Syntax
- · Exclamatory Sentence: “Sophisticated – God, I’m sophisticated!” (Fitzgerald 17).
- · Polysyndeton and Epistrophe: “And I know. I’ve been everywhere and seen everything and done everything” (17).
Daisy seems overly obsessed
with becoming “sophisticated” and maintaining her high status that comes with
living in the East Egg. By possessing a pretentious attitude and claiming that
she is the most knowledgeable and experienced person in the world, she is
trying to make the type of person she wants to be – an aristocratic, high-class
New York woman – a reality. Even more significantly, the exclamation reveals
that Daisy is indeed quite unhappy with her life because she repeats the word
“sophisticated” twice, as if she is reassuring herself that she is of the upper-class.

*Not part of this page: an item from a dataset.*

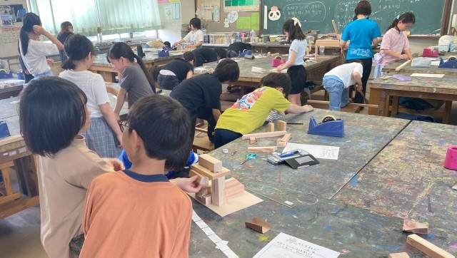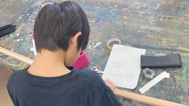「木から生まれた!」の木工作に取り組んでいます。作りたいものの設計図をかき、それをもとにして作っています。のこぎりや金づちの使い方にも慣れてきました。
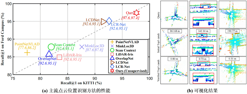 针对点云定位中位姿标签获取困难的问题,提出一种无监督的激光雷达点云位置识别框架。该方法通过深入挖掘点云序列蕴含的时空关联性构建自监督信号,并设计联合学习局部与全局特征的网络架构,有效抑制误匹配并精准识别历史场景点云。进一步地,提出一种鲁棒的局部参考坐标系动态构建技术,使其能够自适应复杂环境变化,显著提升位置识别的准确性与环境适应性。

Fitzgerald embeds this quote into the novel early on in order to set Daisy up
as a woman who lacks self-confidence, is unsatisfied in life, and desperately
wants to be seen as high-class because these ideas will change how the reader
views other events that occur with Daisy, such as her refusal to deny loving
Tom and her affair with Gatsby. Her repetition of the prefix “every” and the
word “everything” further the idea that the she thinks she is all-knowing and
can excel at the highest level at everything in life, and the inclusion of
“and” several times seems to make this list even longer. The author uses this
syntax to dismiss the view that Daisy has of herself as completely incorrect,
and to assert that she really is a shallow person who is only concerned with
what happens in her life and therefore, she cannot and truly does not want to
know everything.
- · Zeugma: “ At the enchanted metropolitan twilight I felt a haunting loneliness sometimes, and felt it in others…young clerks in the dusk, wasting the most poignant moments of night and life” (57).
Nick is beginning to feel
overwhelmed and depressed by the city life because the city is so big and
stimulating. By utilizing a zeugma, the author stresses that Nick feels that
some young women may be losing too much of their lives by emphasizing the words
“night” and “life” due to the structure of the sentence. Such a comparison –
wasting one short night to wasting one’s entire life – seems almost irrational
and Fitzgerald means it to be drastic because he wants the readers to realize
that he is being ironic. He really is emphasizing that people who preoccupy
themselves with excessive parties and empty social talk are the ones who are
truly wasting their lives, rather than people who may miss out on social events
occasionally because they are working. Fitzgerald yearns for his readers to
consider that one’s existence may not always be simple and filled with fun, and
that everyone must work diligently at times if they wish to improve their lives
– not to say that a person cannot enjoy themselves.